YOUR ASSIGNMENT
Both ends included, restate word for word the lines from the first line of the listing through the line containing "白い雪景色の中に、黒と白のボ". Leave the pictures out.

STORED DATA

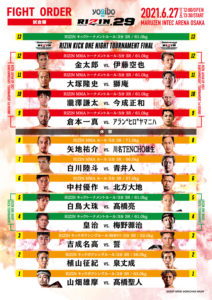 RIZIN.29(6月27日(日) 丸善インテックアリーナ大阪)の試合順が発表された。冒頭5試合はキックルールで、そのうち後ろ2試合で「RIZIN Kick One Night Tournament」一回戦が行われる。MMAワンマッチ3試合の後に休憩が入り、バンタム級日本GP一回戦4試合を実施。メインイベントではキックトーナメント決勝が行われる。
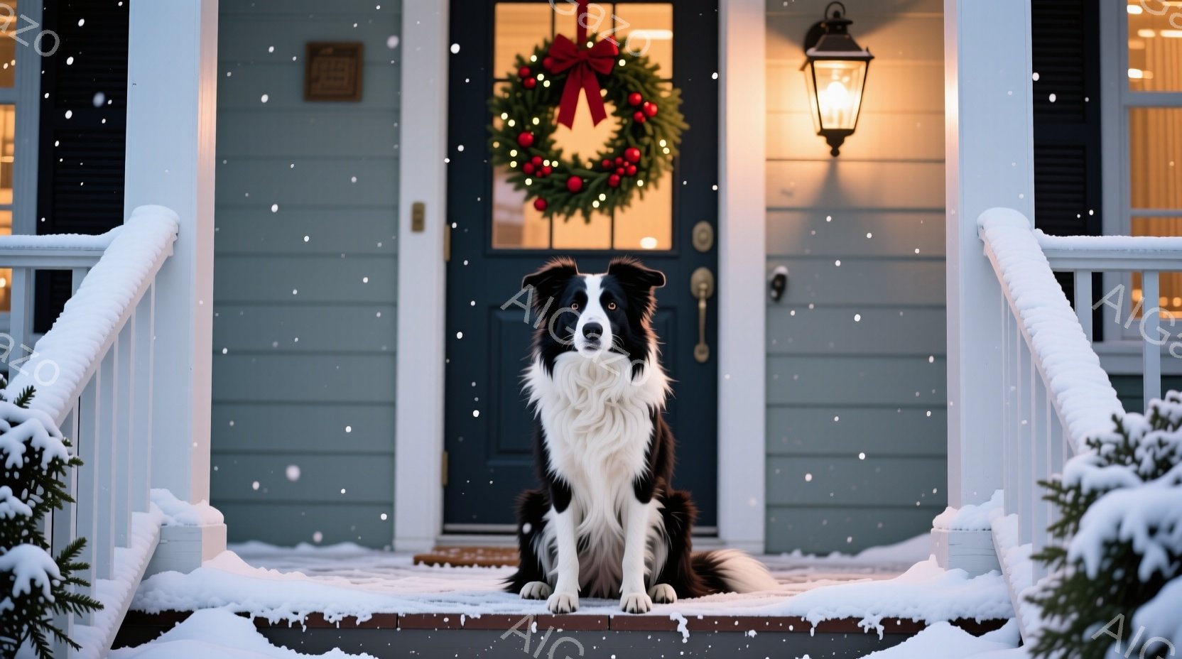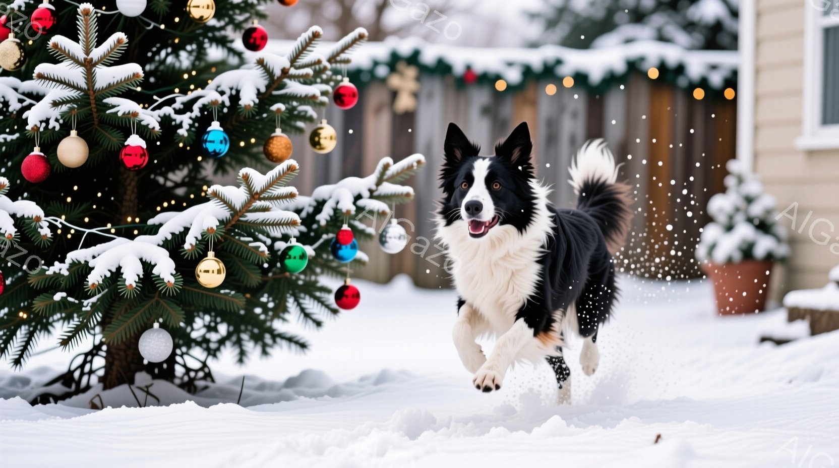 白い雪景色の中に、黒と白のボーダーコリーが勢いよく駆け抜けている。クリスマスツリーが近くにあり、赤いオーナメントやゴールドの飾りで彩られ、雪が積もった庭が背景に見える。犬は口を開けて楽しそうに走り、冬の暖かく幸せな雰囲気が漂っている。
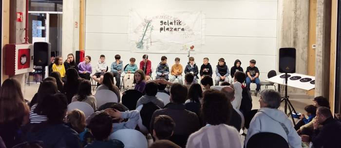 Bi maila ezberdinetan parte hartu dute 14 urtez azpiko bertsolariek Gelatik Plazara sariketan: LH mailan eta DBH mailan. 2-4 lagunez osaturiko taldeetan batuta, tokian tokiko bertso eskolak saio berean elkartu eta elkar ezagutzeko aukera izan du dute saioetan, eta guztira 250 bat bertsolari gaztek parte hartu du. Gaur, LHko finala izan dute Lazkaon, Lazkao Txiki gogoan haren jaioterrian ospatu duten Gipuzkoako Bertso Eskolen Egunaren baitan. Debabarrenetik hiru ikasle aritu dira bertan kantuan. Agurra etxetik prestatuta eraman dute guztiek, eta gainerakoan, bat-bateko ariketan jardun dira gaztetxoak, zein baino zein hobeto. Sariketa Donostiako taldeak irabazi du. Arg: Jon Larrañaga eta Jabi Muñoz.
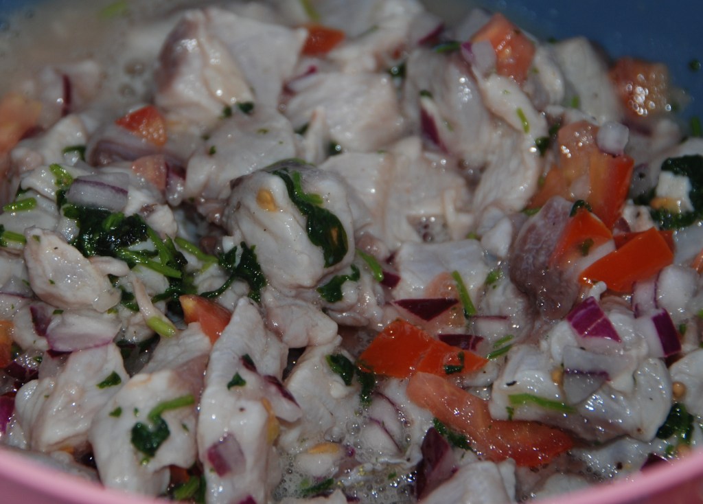 Una vez limpio lo cortamos en tacos pequeños añadimos sal, a continuación lo ponemos en un cuenco con el zumo de los limones hasta que quede cubierto todo el pescado,

RESULT BELOW
 RIZIN.29(6月27日(日) 丸善インテックアリーナ大阪)の試合順が発表された。冒頭5試合はキックルールで、そのうち後ろ2試合で「RIZIN Kick One Night Tournament」一回戦が行われる。MMAワンマッチ3試合の後に休憩が入り、バンタム級日本GP一回戦4試合を実施。メインイベントではキックトーナメント決勝が行われる。
 白い雪景色の中に、黒と白のボーダーコリーが勢いよく駆け抜けている。クリスマスツリーが近くにあり、赤いオーナメントやゴールドの飾りで彩られ、雪が積もった庭が背景に見える。犬は口を開けて楽しそうに走り、冬の暖かく幸せな雰囲気が漂っている。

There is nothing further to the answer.